Stack trace messages in dmesg:

nfs: server 10.5.1.1 not responding, still trying
nfs: server 10.5.1.1 not responding, still trying
nfs: server 10.5.1.1 not responding, still trying
nfs: server 10.5.1.1 not responding, still trying
nfs: server 10.5.1.1 not responding, still trying
nfs: server 10.5.1.1 not responding, still trying
nfs: server 10.5.1.1 not responding, still trying
nfs: server 10.5.1.1 not responding, still trying
nfs: server 10.5.1.1 not responding, still trying
INFO: task kswapd0:94 blocked for more than 120 seconds.

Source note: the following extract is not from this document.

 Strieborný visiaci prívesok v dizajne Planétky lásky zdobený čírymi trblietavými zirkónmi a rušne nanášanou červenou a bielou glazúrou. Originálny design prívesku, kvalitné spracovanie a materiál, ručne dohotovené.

"echo 0 > /proc/sys/kernel/hung_task_timeout_secs" disables this message.
kswapd0       D 0000E308  2732    94      7            95    93 (L-TLB)

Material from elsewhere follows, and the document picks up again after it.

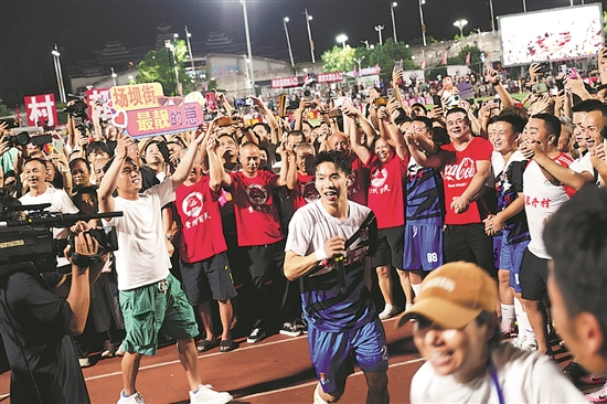 8月24日,在貴州省榕江縣,巴黎奧運會跳水男子雙人3米板冠軍龍道一在村超球場演唱自創(chuàng)歌曲《場壩街的崽》。本報通訊員 王炳真 攝

       f7f6ad68 00000046 91b3668c 0000e308 f0ccedcc 00000282 c042d7d5 0000000a 
       f7f6f000 91b7e77b 0000e308 000480ef 00000000 f7f6f10c c1807200 cdc46ac0 
       00000086 c0694b80 c1206140 f7cce260 1dc27c16 c042c811 c18f4c3c 1dc27c16 
Call Trace:
 [<c042d7d5>] __mod_timer+0xda/0xe4
 [<c042c811>] getnstimeofday+0x30/0xb6
 [<c061d16e>] io_schedule+0x36/0x59
 [<f8c725d1>] nfs_wait_bit_uninterruptible+0x5/0x8 [nfs]
 [<c061d345>] __wait_on_bit+0x33/0x58
 [<f8c725cc>] nfs_wait_bit_uninterruptible+0x0/0x8 [nfs]

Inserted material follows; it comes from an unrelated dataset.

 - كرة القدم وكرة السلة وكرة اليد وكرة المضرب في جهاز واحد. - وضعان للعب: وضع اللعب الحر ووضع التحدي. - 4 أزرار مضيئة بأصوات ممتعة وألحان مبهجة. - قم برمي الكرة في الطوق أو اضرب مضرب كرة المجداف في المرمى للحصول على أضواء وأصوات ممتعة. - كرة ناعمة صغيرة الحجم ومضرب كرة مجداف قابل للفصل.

 [<f8c725cc>] nfs_wait_bit_uninterruptible+0x0/0x8 [nfs]
 [<c061d3cc>] out_of_line_wait_on_bit+0x62/0x6a
 [<c0436094>] wake_bit_function+0x0/0x3c
 [<f8c725c5>] nfs_wait_on_request+0x1b/0x22 [nfs]
 [<f8c758b8>] nfs_wait_on_requests_locked+0x61/0xa5 [nfs]
 [<f8c766a4>] nfs_sync_inode_wait+0x4c/0x1ab [nfs]
 [<f8c6d7aa>] nfs_release_page+0x1e/0x40 [nfs]
 [<f8c6d78c>] nfs_release_page+0x0/0x40 [nfs]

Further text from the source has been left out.